3. Video With the advent of smart phones, the ability to make a short video and send on to the coach is a huge plus, where either is having doubts about a certain technique. However - unlike some groups, we are not slaves to the Go Pro or any other camera. One won't see me running up and down with one recording everything. While most think this is a new innovation, used with the wrong athletes it can be very destructive. However, if an athlete has reservations they are not meeting the technical requirements they have discussed with their coach, then we encourage them to send a short video. This method also is valuable if a new student can't get to the coach or a camp, as short video's can help enormously at the start of a program. Online Training Plans and Group Training
For athletes working with one of our training plans, the most common 'frequently asked question' is there is no rest day written into the program.

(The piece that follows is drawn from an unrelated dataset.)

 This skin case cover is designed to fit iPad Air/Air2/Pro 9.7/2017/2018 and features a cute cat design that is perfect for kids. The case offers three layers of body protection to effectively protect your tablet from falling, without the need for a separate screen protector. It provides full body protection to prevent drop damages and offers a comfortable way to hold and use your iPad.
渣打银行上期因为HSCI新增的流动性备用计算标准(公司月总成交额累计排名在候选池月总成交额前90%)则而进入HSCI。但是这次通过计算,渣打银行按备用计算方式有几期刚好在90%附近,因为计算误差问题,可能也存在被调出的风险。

I would point out publicly here, that we encourage all of our athletes to take a rest day when they feel that it is needed - or when life just gets in the way e.g. a hectic / stressful day with family, work, other commitments. That can be any day of the week. Not a handcuffed specific day. Some athletes like a specific day to look forward to, and that is fine, but it is not as successful as taking the day when it is needed.

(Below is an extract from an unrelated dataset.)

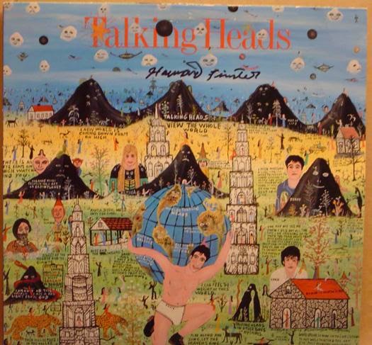 Finster’s cover for Georgia-based R.E.M.’s Reckoning (1984) depicted a twisting snake upon which the album’s song titles were written. The group also filmed the video for “Radio Free Europe” in Paradise Gardens in 1983. The art for the Heads’ Little Creatures (1985) included caricatures of the bandmembers — including David Byrne in his underwear, carrying the world on his shoulders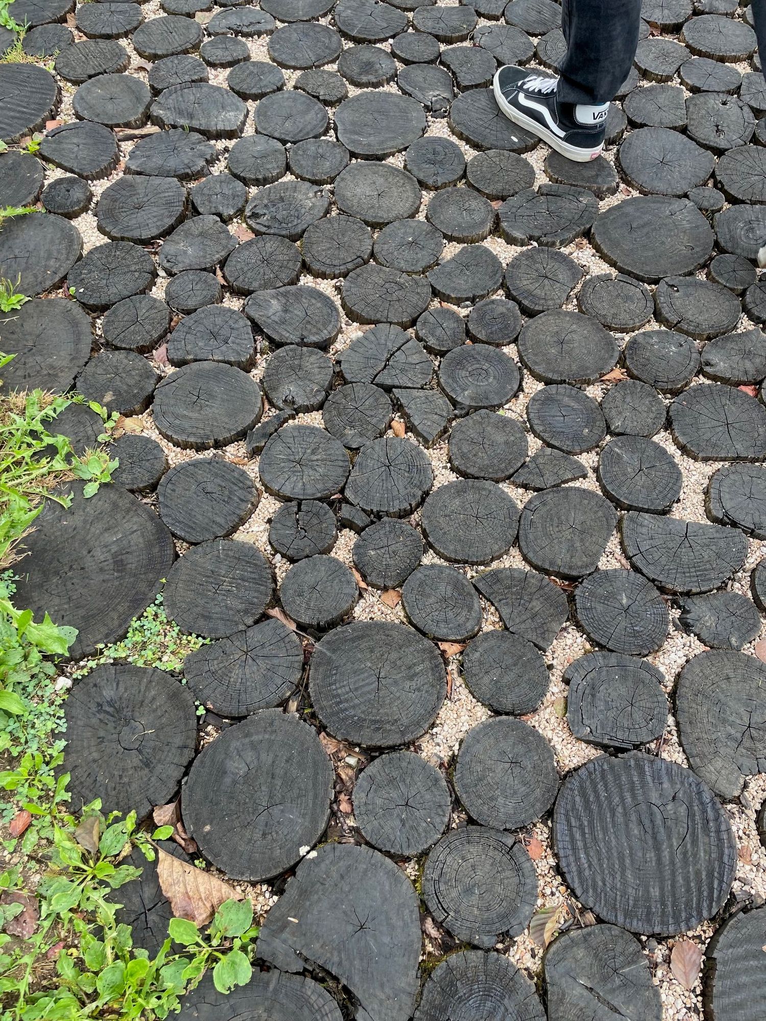 This is a picture of a walk way made from pieces of wood. I thought it made a good picture.

A lot of athletes feel, because they don't have a group to train with, that they are at a disadvantage. It is my opinion that if you are racing non drafting half to full Ironman that this is not the case at all. Yes our ITU pros train more together, but even in camp our Ironman group will swim in the same pool, not necessarily the same workout or lane, and on the bike or run it is much more individual than many think. Ironman is about individuality. We should strive to continue that mantra, and as such we train that way for Ironman all year round. I thank our athlete JP publicly for his observation, and hope he and I have eased some of your fears about how best to get the most out of your online coaching and training plans.